Task details:
Since the records include pictures, leave those out while you reproduce exactly and only the lines from the one containing "その事例が助け合いの循環経済" through the one containing "<B>1871-CC 50C AG3", inclusive.
-- Opening Marker --
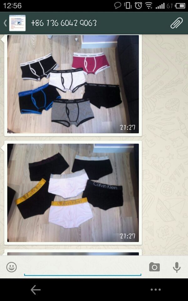 - Calvin Klein Underwear, muchos modelos están disponibles, para las mujeres y para los hombres. precio se basa en la cantidad de la orden. para la orden grande, el precio será mucho más barato. 100 unidades: 2.9 euros por cada 120 unidades: € 2.85 por cada 150 unidades: € 2.75 por cada 200 unidades: € 2,7 por cada 300 unidades: 2.65 euros para cada uno 400 unidades: € 2.6 por cada 500 unidades: 2.5 euros para cada uno Envío gratis !!!!! Por favor, póngase en contacto conmigo si está interesado. Email: ckes06@hotmail.com otro correo electrónico: 803@959b.com sitio web del producto: http://www.calzoncilloshombre.es/
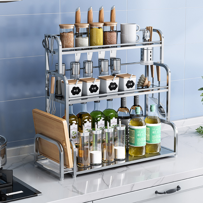 ステンレス鋼のキッチン調味料収納ラックカウンタートップ多機能ナイフホルダー調味料油塩ソース酢ボトル収納ラック
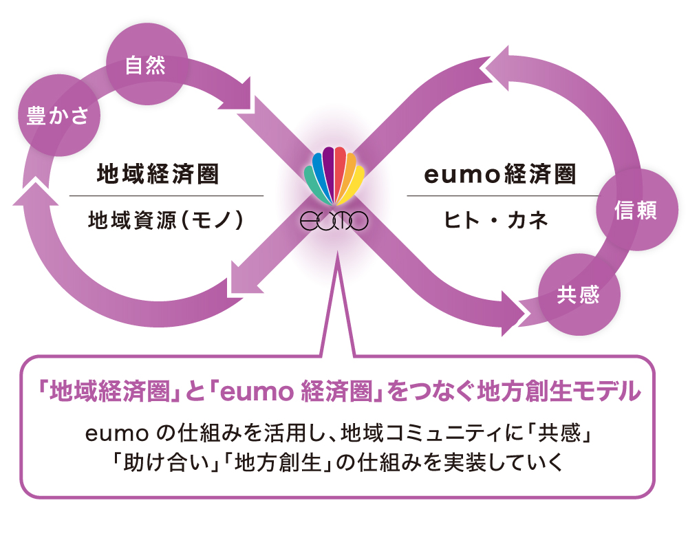 その事例が助け合いの循環経済の成功事例として、SDGsや地方創生などの文脈で注目されるようになり、eumo経済圏が自然と広がっていく事を目指します。
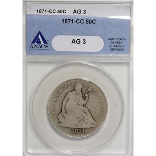 <B>1871-CC 50C AG3 ANACS.</B></I> NGC Census: (0/29). PCGS Population (3/77). Mintage: 153,950. Numismedia Wsl. Price for NGC/PCGS coin in AG3 : $103. (#6331)<BR><BR><B>Coin Engraver:</B> Christian Gobrecht<BR><BR><b>Shipping:</b> Coins & Currency (<a target="_blank" href="http://www.heritageauctions.com/common/shipping.php">view shipping information</a>)
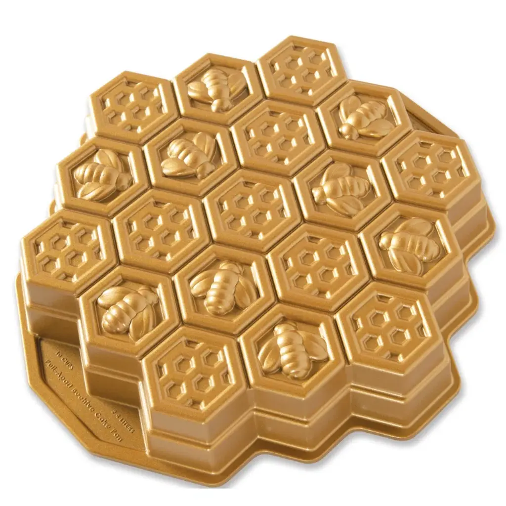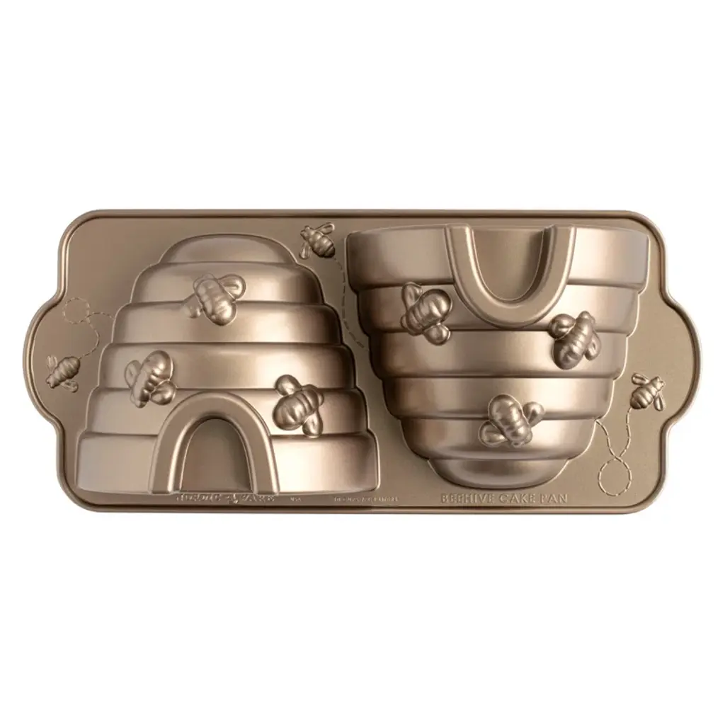 Bake petite bee-inspired treats for spring brunches, garden parties and baby showers in this golden pan. Particularly perfect for honey-infused recipes, the pan creates six mini cakes that make a delightful addition to spring and summer tables. Cast aluminum keeps the details of the charming skep beehives crisp, while the double layer of non-stick coating ensures a clean, easy release. The cakelet pan makes a sweet seasonal gift for your favorite baker.Nordic Ware, a family-owned and -operated company, has been making high-quality bakeware for over 70 years.
-- Closing Marker --
Answer to this problem:
 その事例が助け合いの循環経済の成功事例として、SDGsや地方創生などの文脈で注目されるようになり、eumo経済圏が自然と広がっていく事を目指します。
 <B>1871-CC 50C AG3 ANACS.</B></I> NGC Census: (0/29). PCGS Population (3/77). Mintage: 153,950. Numismedia Wsl. Price for NGC/PCGS coin in AG3 : $103. (#6331)<BR><BR><B>Coin Engraver:</B> Christian Gobrecht<BR><BR><b>Shipping:</b> Coins & Currency (<a target="_blank" href="http://www.heritageauctions.com/common/shipping.php">view shipping information</a>)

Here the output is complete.